[DIRECTIONS] Copy the listing as it is written, and leave each picture out.

[SUPPLIED DATA]

——————

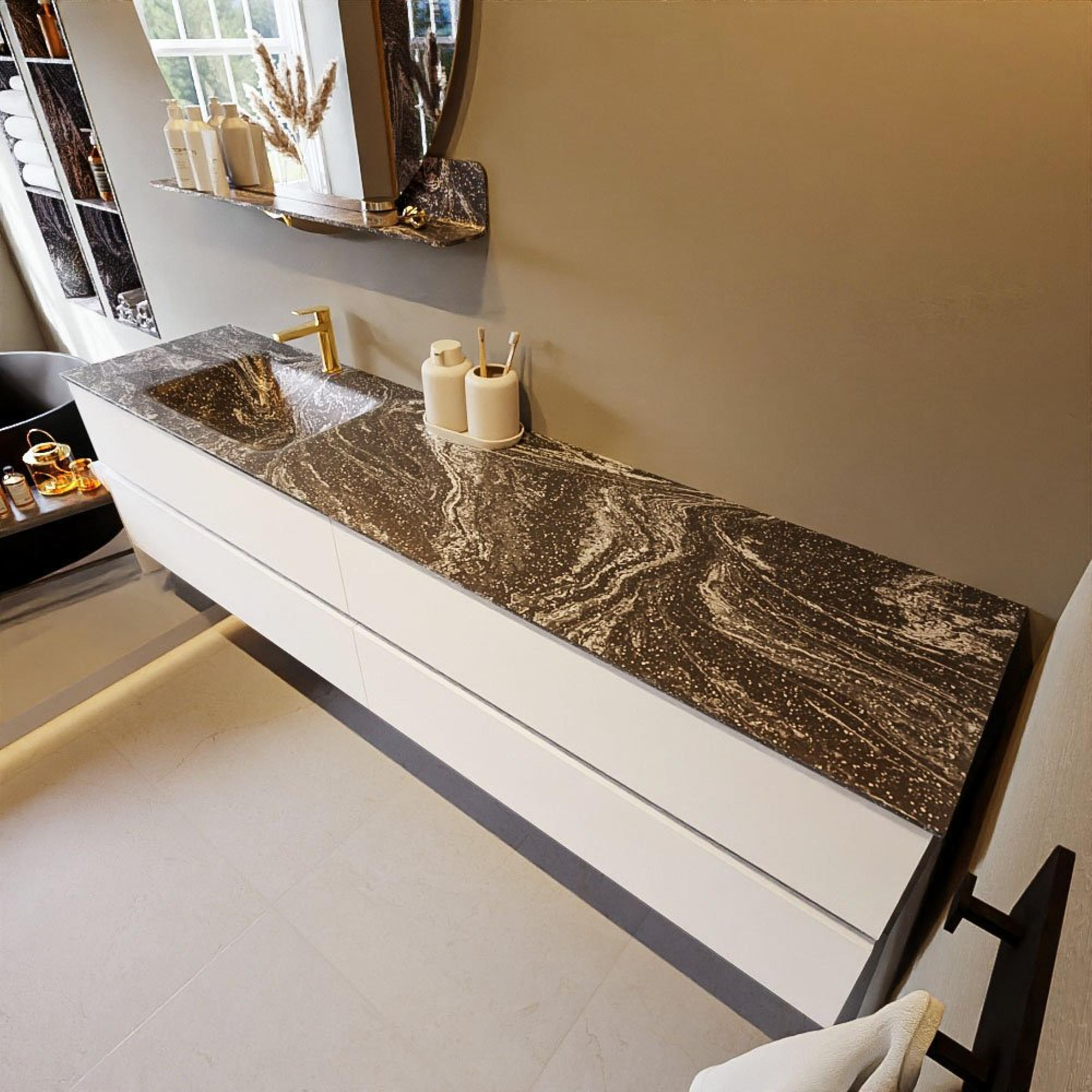 Mondiaz VICA-DLUX Badkamermeubelset - 200cm - talc - 4 lades - Inbouw wastafel CLOUD - dubbel 2 kraangaten - kleur Lava - XL versie 60cm hoog
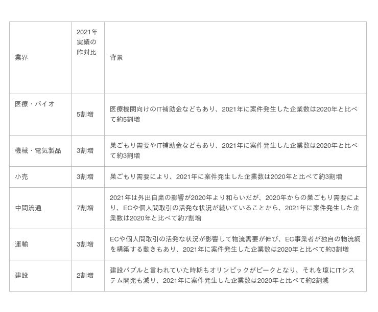 2021年昨対比で、3割以上案件が発生した企業数が増えている業界は「医療・バイオ」「機械・電気製品」「小売」「中間流通」「運輸」となりました。一方で、東京オリンピックが終わった影響を直に受けた「建設」は約1割減となっています。
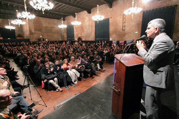 Riempie il Cittanova Nichi Vendola, leader di Sinistra Ecologia e Libertà, presidente della regione Puglia e capolista nella circoscrizione Lombardia 3. In tanti si sono accalcati nel palazzo di corso Garibaldi, seduti per terra o in piedi appena fuori dalla porta perché le poltroncine blu erano già tutte occupate. “Cambiare il punto di vista”, il motto di Vendola, accolto da un applauso tra i candidati cremonesi di Sel seduti in fila accanto a lui sul palco. “Sui nostri manifesti non abbiamo scritto ‘bentornata sinistra’ – ha esordito Vendola -, ma ‘benvenuta sinistra’ perché la sinistra non è una mummia, è un movimento che spinge verso l’emancipazione e la liberazione, è la scoperta di un mondo, è un punto di vista”. Confrontando i “paracadutati nelle liste del Pdl” e il discorso del presidente americanos Obama per il suo insediamento, Vendola ha tracciato la sua idea di politica, “concepita come una missione che è capace di indicare orizzonti per le nuove generazioni e di dare dei compiti alla classe dirigente, politica come autopedagogia, ovvero educare noi stessi alla complessità”. Poi, il giudizio su Monti (“E’ il mio avversario – ha detto il leader di Sel – l’avversario che vorrei, meglio del populismo che guarda più a Ruby che alle sue coetanee costrette alla precarietà”) e su Berlusconi (“Non ci si deve stupire che Berlusconi sia tornato, anche aiutato dall’anti-berlusconismo alla Travaglio. E’ tornato perché il ‘berlusconismo’ non è stato solo burlesque, ma una vera e propria rivoluzione che a colpi di populismo e liberismo ha fatto regredire il paese da un punto di vista civile e sociale. Regresso nella scuola, nel lavoro, nell’educazione oggi gestita dalla tv commerciale, nei rapporti individuali). Infine, il monito al Pd: “La sinistra – ha concluso Vendola – non deve commettere l’errore di cercare di imitare Berlusconi, dicendo per esempio ‘non metteremo le mani nelle tasche degli italiani’, ma deve giustificare il fisco garantendo la qualità dei servizi e soprattutto che chi più ha, più deve dare. La nostra ambizione non è quella di comandare, ma di governare, cambiando il punto di vista, la visione del mondo”.

——————

[YOUR SOLUTION]
 Mondiaz VICA-DLUX Badkamermeubelset - 200cm - talc - 4 lades - Inbouw wastafel CLOUD - dubbel 2 kraangaten - kleur Lava - XL versie 60cm hoog
 2021年昨対比で、3割以上案件が発生した企業数が増えている業界は「医療・バイオ」「機械・電気製品」「小売」「中間流通」「運輸」となりました。一方で、東京オリンピックが終わった影響を直に受けた「建設」は約1割減となっています。
 Riempie il Cittanova Nichi Vendola, leader di Sinistra Ecologia e Libertà, presidente della regione Puglia e capolista nella circoscrizione Lombardia 3. In tanti si sono accalcati nel palazzo di corso Garibaldi, seduti per terra o in piedi appena fuori dalla porta perché le poltroncine blu erano già tutte occupate. “Cambiare il punto di vista”, il motto di Vendola, accolto da un applauso tra i candidati cremonesi di Sel seduti in fila accanto a lui sul palco. “Sui nostri manifesti non abbiamo scritto ‘bentornata sinistra’ – ha esordito Vendola -, ma ‘benvenuta sinistra’ perché la sinistra non è una mummia, è un movimento che spinge verso l’emancipazione e la liberazione, è la scoperta di un mondo, è un punto di vista”. Confrontando i “paracadutati nelle liste del Pdl” e il discorso del presidente americanos Obama per il suo insediamento, Vendola ha tracciato la sua idea di politica, “concepita come una missione che è capace di indicare orizzonti per le nuove generazioni e di dare dei compiti alla classe dirigente, politica come autopedagogia, ovvero educare noi stessi alla complessità”. Poi, il giudizio su Monti (“E’ il mio avversario – ha detto il leader di Sel – l’avversario che vorrei, meglio del populismo che guarda più a Ruby che alle sue coetanee costrette alla precarietà”) e su Berlusconi (“Non ci si deve stupire che Berlusconi sia tornato, anche aiutato dall’anti-berlusconismo alla Travaglio. E’ tornato perché il ‘berlusconismo’ non è stato solo burlesque, ma una vera e propria rivoluzione che a colpi di populismo e liberismo ha fatto regredire il paese da un punto di vista civile e sociale. Regresso nella scuola, nel lavoro, nell’educazione oggi gestita dalla tv commerciale, nei rapporti individuali). Infine, il monito al Pd: “La sinistra – ha concluso Vendola – non deve commettere l’errore di cercare di imitare Berlusconi, dicendo per esempio ‘non metteremo le mani nelle tasche degli italiani’, ma deve giustificare il fisco garantendo la qualità dei servizi e soprattutto che chi più ha, più deve dare. La nostra ambizione non è quella di comandare, ma di governare, cambiando il punto di vista, la visione del mondo”.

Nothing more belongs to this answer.